Back beside the Linnhe, I was delighted to see a seal come in to cavort in the rocks and weed. It was some way away, and rather difficult to photograph, but these are my two best pictures.

Our packed lunch was taken at Kingairloch,

from where we made our way inland on the Morvern peninsula to Lochaline, on the Sound of Mull. We had on the way passed Loch Whisky and Gleann Gael. [Linguistic note!: I wrote ‘Whisky’ in my notebook, because that’s what I thought I was being was told, being assured that it was its real name, and that ‘whisky’ means ‘water’ in Gallic. I was being teased to a certain extent. On the map I find it is spelt ‘Loch Uisge’. And ‘uisge’ does indeed mean water, ‘uisge beatha’, the water of life, being the Gallic for ‘whisky’.]

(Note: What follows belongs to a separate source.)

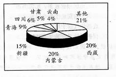 1、单选题 读“七个省级行政单位某种植被面积占全国该种植被面积的比例图”,回答问题
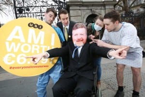 *** NO REPRODUCTION FEE *** DUBLIN : 6/02/2014 : Pictured (l-r) at the launch the ‘Everyone Loves Nurses’ campaign organised by The Union of Students in Ireland (USI) were student representatives and student nurses Sean Kearns, Joe O’Connor, Rebecca Mitchell, Paddy Guiney with Dr James Reilly TD look a like. The launch was held ahead of a larger demonstration that will take place in a fortnight at the HSE. The starting salary for newly graduated nurses is now €22,000, a drop of €4,000 from the past starting salary of €26,000. This works out as €6.49 per hour. This is less than the current minimum wage of €8.65. The same graduate nurses can earn far more abroad, up to €43,614 in Canada. USI and student nurses from across the country are telling Minister James Reilly, who previously said they can “emigrate or work in a fast food service if unhappy”, that they’ve had enough. USI President Joe O’Connor said: “The message to Minister Reilly today is loud and clear; change the starting salary level back to €26,000 for newly graduated nurses. Follow the campaign on Twitter using the hashtag #everyonelovesnurses. Picture Conor McCabe Photography.

Distant sika deer, and sheep
Isle of Mull behind the ferry

We walked away from the Sound, and made our way a short distance along Loch Aline off it, past a fascinating sand mine and its works.

There was some waste sand lying around. On picking it up we could see and feel just how very white, fine and soft it was, quite unlike any I had encountered on a beach.

I would love to have had a visit round the works, not to mention the mine itself!

David and Jon (hidden behind his telescope), look at the storage
Conveyor belts
Sand just about to be dumped onto a conveyor belt

We walked on.

Tern of some sort being photobombed from the front by a young gull

I then got absorbed into the next activity and totally forgot to take any photos of it. There were literally hundreds of ‘devil’s toenails’ on the beach. David collected several. Devil’s toenails are fossils of bivalves, gryphea, about two inches, 5 centimetres, long. And here’s a (copyright-free) picture of one found on the internet..

Time to go home the way we came.

This evening a pine marten visited even before our meal, so it was possible to get some semi-daylight pictures through the glass.

Clearly not worried by us, as long as we stayed we we were. We could even move around.